For this section I will define two new hash functions, based on the prior hash functions.

`Hash_L`

for the Leaf nodes. This is defined as`Hash_L = Hash('A' || Input)`

`Hash_B`

for the Branch nodes. This is defined as`Hash_B = Hash('B' || Input)`

A simple tree now looks like the following:

Binary Merkle tree with 4 data elements. Each hash is either Hash_L for leaf nodes or Hash_B for branch nodes.

To make this example more real, I will assign values to each of the nodes and calculate the hashes based on that. I will use SHA-256 as the hash function of choice.

`L1`

= “Foo”`L2`

= “Bar”`L3`

= “Baz”`L4`

= “Qux”`Hash 0-0 = Hash_L(L1) = SHA-256("AFoo") = c394c83b94a489485a0ea7dbfd43d6b18a7cd6ef7a4d607f5c667e978a232d07`

`Hash 0-1 = Hash_L(L2) = SHA-256("ABar") = 2fa32a6f44e6ed4e6357e25c7fae397d51028cbb1ea527f1831439eaeefdb64a`

`Hash 1-0 = Hash_L(L3) = SHA-256("ABaz") = bf2d89291058bc1e2e5cd3255dcc3d0d39eb1a54623c268e9adf892b903f38e7`

`Hash 1-1 = Hash_L(L4) = SHA-256("AQux") = eb5e40d6a93d1db9ab45db84465bd5809064741588415d46c817b3bdd338ce1f`

`Hash 0 = Hash_B( Hash 0-0 || Hash 0-1 ) = SHA-256("Bc394c83b94a489485a0ea7dbfd43d6b18a7cd6ef7a4d607f5c667e978a232d072fa32a6f44e6ed4e6357e25c7fae397d51028cbb1ea527f1831439eaeefdb64a") = ca10d813fdb6e755f9a0984b53a7600c49b2fc6aaba028ddc90b8d4a7b766242`

`Hash 1 = Hash_B( Hash 1-0 || Hash 1-1 ) = SHA-256("Bbf2d89291058bc1e2e5cd3255dcc3d0d39eb1a54623c268e9adf892b903f38e7eb5e40d6a93d1db9ab45db84465bd5809064741588415d46c817b3bdd338ce1f") = a9d8f95ea21aff1147359ca4a040f39aa21fc951e942466b0861bf14486db4f5`

`Top Hash = Hash_B( Hash 0 || Hash 1 ) = SHA-256("Bca10d813fdb6e755f9a0984b53a7600c49b2fc6aaba028ddc90b8d4a7b766242a9d8f95ea21aff1147359ca4a040f39aa21fc951e942466b0861bf14486db4f5") = c21243ead9185756bac406d7c6132479c27a0f3bfbd378ffbd28b3596ba7a313`

So now the `Top Hash`

is known to be `c21243ead<etc>`

. What happens when an attacker creates `E1`

?

Attempting the second preimage attack with the Hash_B and Hash_L functions.
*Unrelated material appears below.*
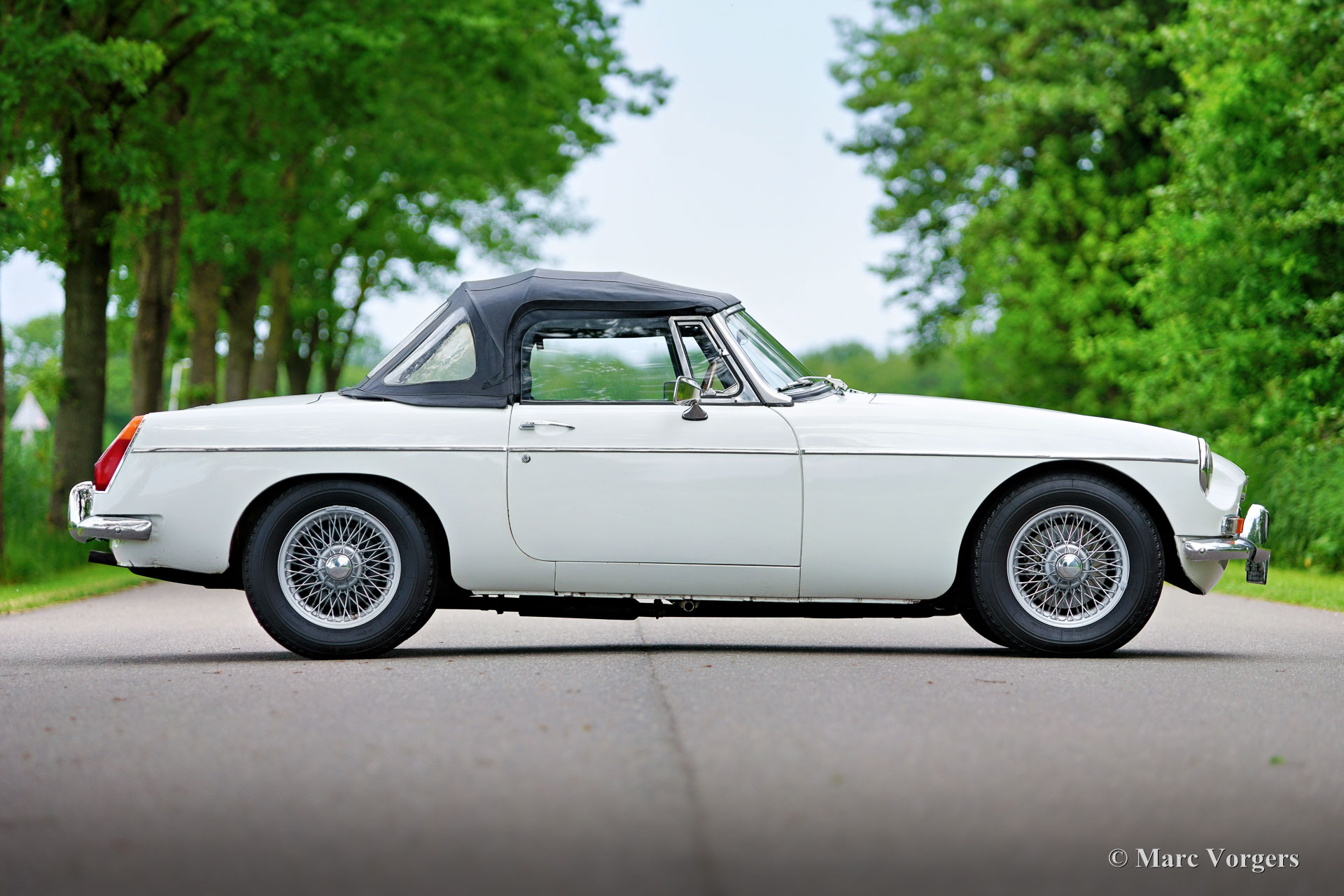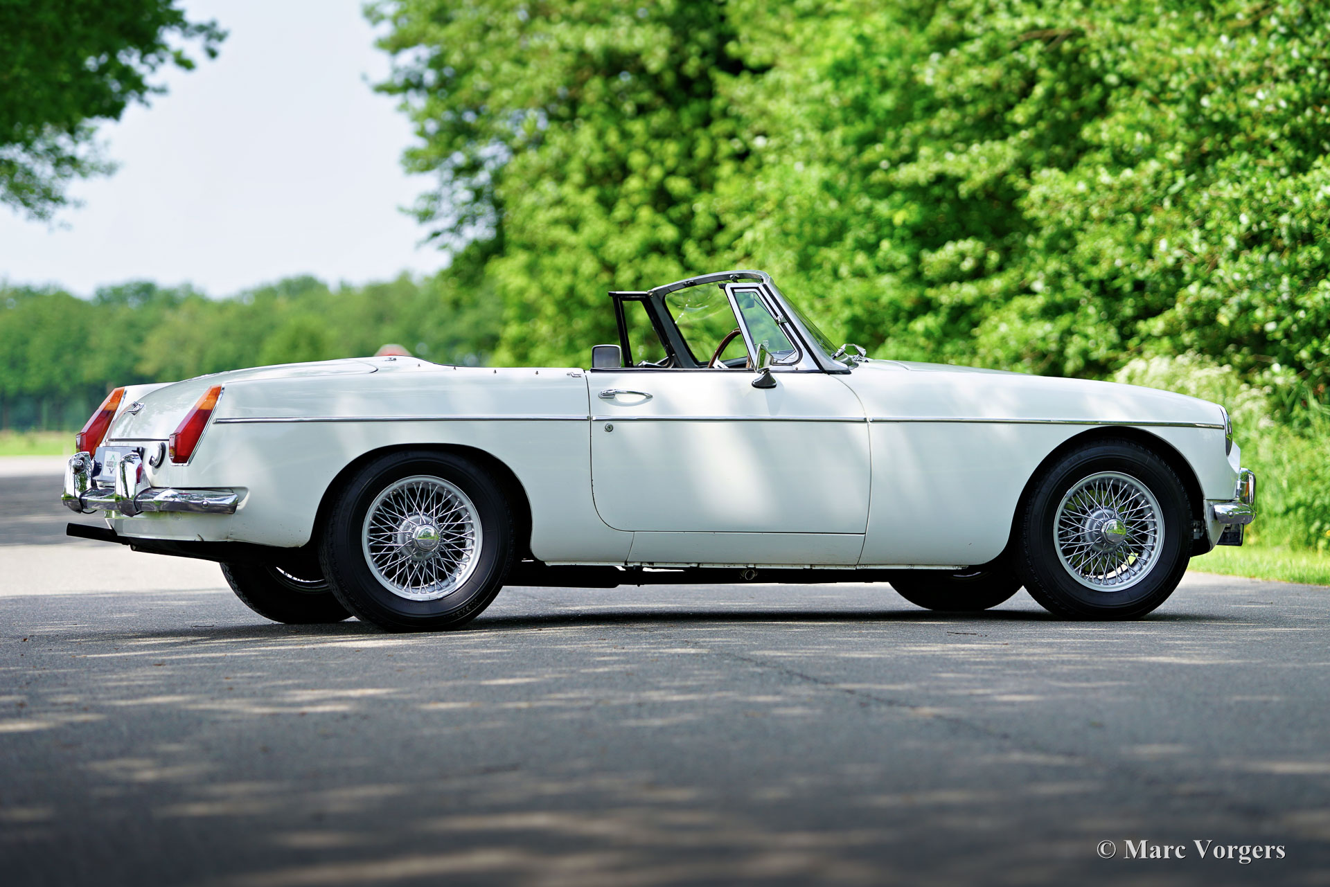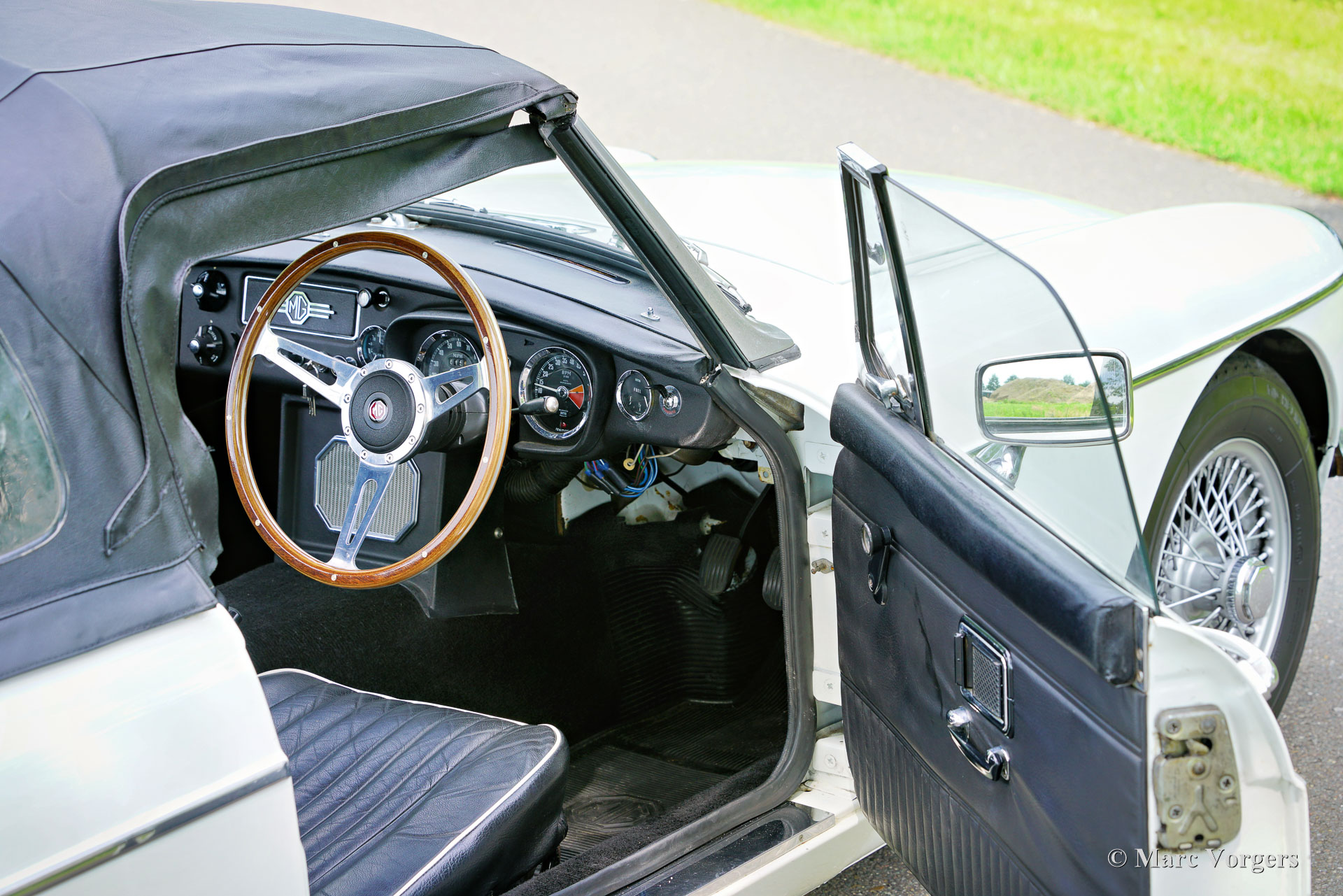 MG MGB Roadster, Jahr 1970. Farbe Weiß kombiniert mit einer schwarzen Lederausstattung, getrimmt mit weißen Paspeln und schwarzem Teppich. Schwarzes Verdeck. Dieser wunderschöne MGB-Roadster mit Rechtslenkung wurde im Vereinigten Königreich als Neuwagen verkauft. Das Auto befindet sich jetzt in den Niederlanden und wurde vor einigen Jahren umfassend restauriert. Dieser entzückende MGB-Roadster ist in einem sehr guten Zustand! Dieser MGB verfügt über das begehrte originale Armaturenbrett aus schwarzem Metall, Overdrive, verchromte Speichenräder und ein Sportlenkrad mit Holzkranz. Auf Wunsch können wir diesen MGB in unserer Werkstatt gegen Aufpreis auf Linkslenker umrüsten. Der MGB-Roadster ist ein begehrenswerter und vielseitiger offener britischer Sportwagen, eine Zeitmaschine für schöne Sommerabende, Wochenendausflüge und Feiertage. Fahren Sie über kurvenreiche Landschaftsstraßen, erkunden Sie historische Dörfer und besuchen Sie B&Bs in Europa oder im Vereinigten Königreich. Der 90 PS starke Vierzylindermotor klingt warm und sportlich und der Innenraum bietet viel Platz. Die Motorleistung und die Beschleunigung reichen aus, um sich bequem im modernen Verkehr zurechtzufinden!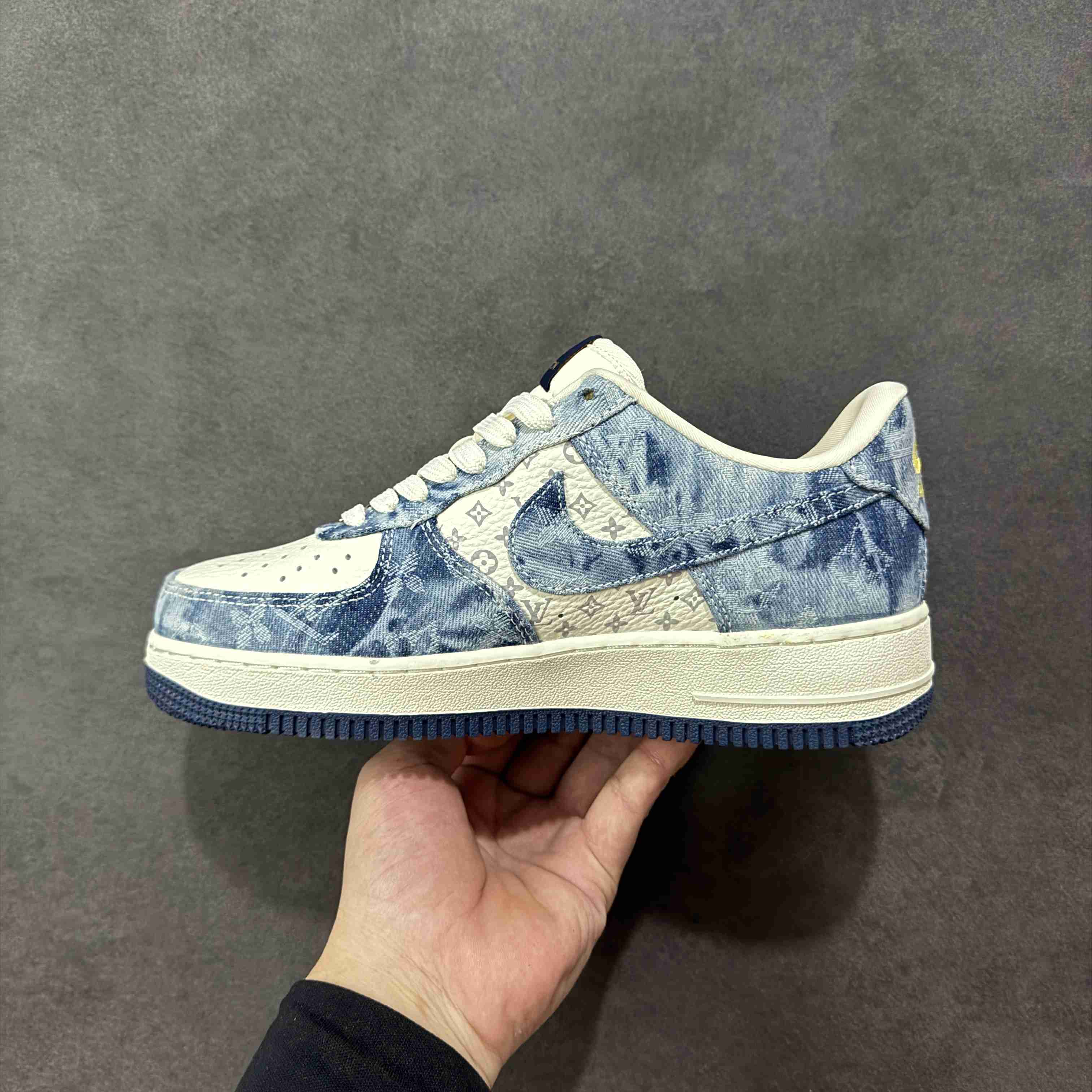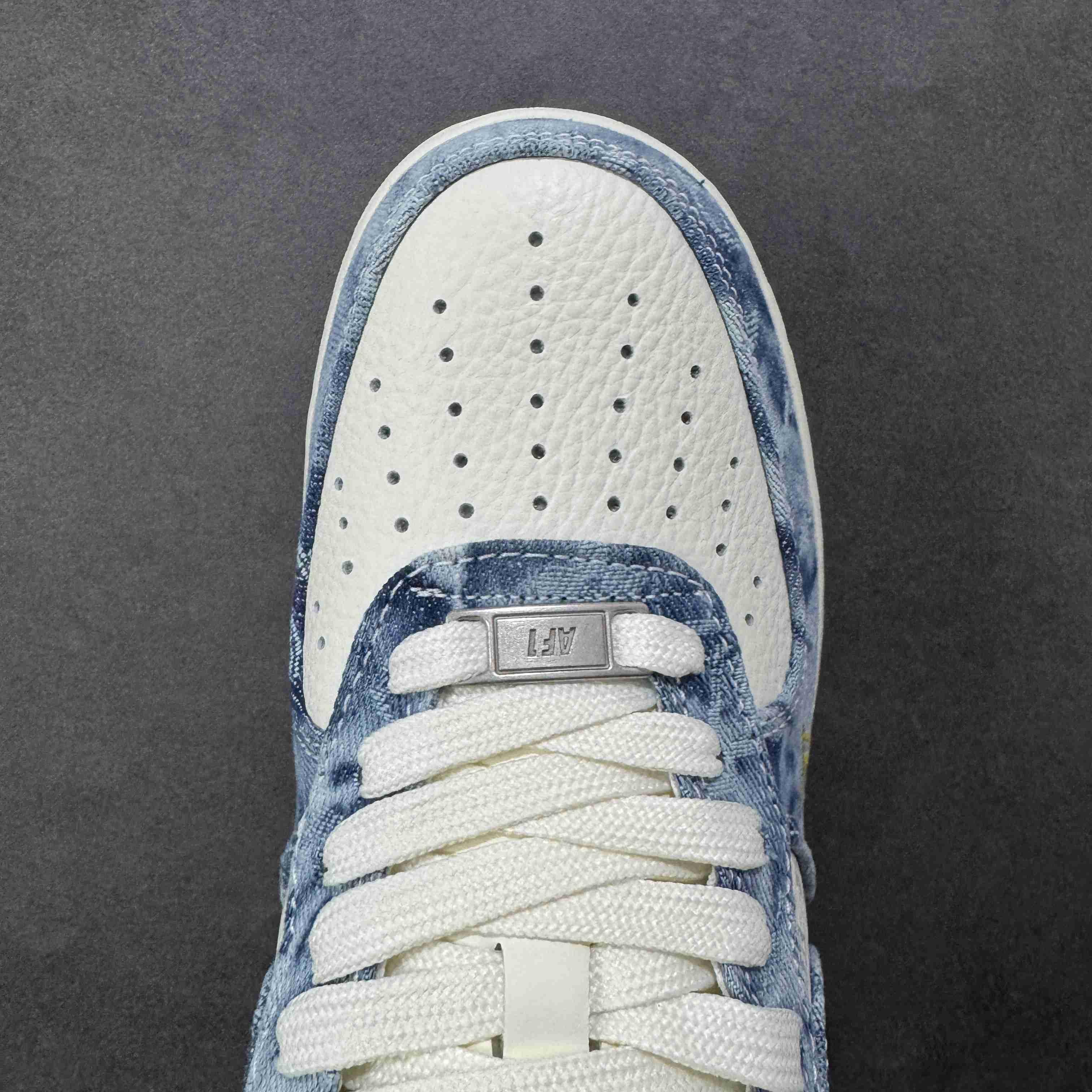 The Nike Air Force 1'07 Low LV Denim Blue is a limited-edition collaboration that blends classic and modern design, showcasing the unique collaboration between Nike and Louis Vuitton. Featuring a distinctive denim blue hue, the shoe combines exquisite materials with high-end fashion elements, embodying a fusion of avant-garde and elegant allure. The upper is crafted from high-quality denim for a comfortable and textured feel, while the natural texture of the denim lends the shoe a streetwear-inspired feel while retaining a luxurious feel. The signature LV graphic and Nike Swoosh embroidery on the upper add a touch of refined luxury. The sole maintains the classic Air Force 1 design, featuring a transparent rubber outsole for a comfortable feel and excellent traction. The midsole's air cushioning provides exceptional comfort and support, making it suitable for everyday wear and extended walks. This denim blue collaboration not only retains the classic look of the Nike Air Force 1, but also adds a touch of style and uniqueness through Louis Vuitton's clever design. Whether paired with streetwear or high-end fashion items, it can be easily controlled and becomes a dazzling choice in the shoe cabinet.

The important part to note here is that `Hash 0`

no longer has child nodes. That means that it’s hash function has changed from `Hash_B`

to `Hash_L`

. This in turn means that the new value of `Hash 0`

is `SHA-256("Ac394c83b94a489485a0ea7dbfd43d6b18a7cd6ef7a4d607f5c667e978a232d072fa32a6f44e6ed4e6357e25c7fae397d51028cbb1ea527f1831439eaeefdb64a") = 1d0048fc197f5848147a93f19ef7ce1107e2df37ca0d2b6c5cc2c2ada004d5aa`

. This is different from the original `Hash 0`

and will fail a verification when combined with the `Hash 1`

value to check against `Top Hash`

. This simple change has removed the attack vector.

## References

- https://en.wikipedia.org/wiki/Merkle_tree#Second_preimage_attack
- https://crypto.stackexchange.com/questions/2106/what-is-the-purpose-of-using-different-hash-functions-for-the-leaves-and-interna
- I found it confusing that the author of the question described this as “two different hash functions be used”. I think a better wording would be “why would I prepend different data for the node type”.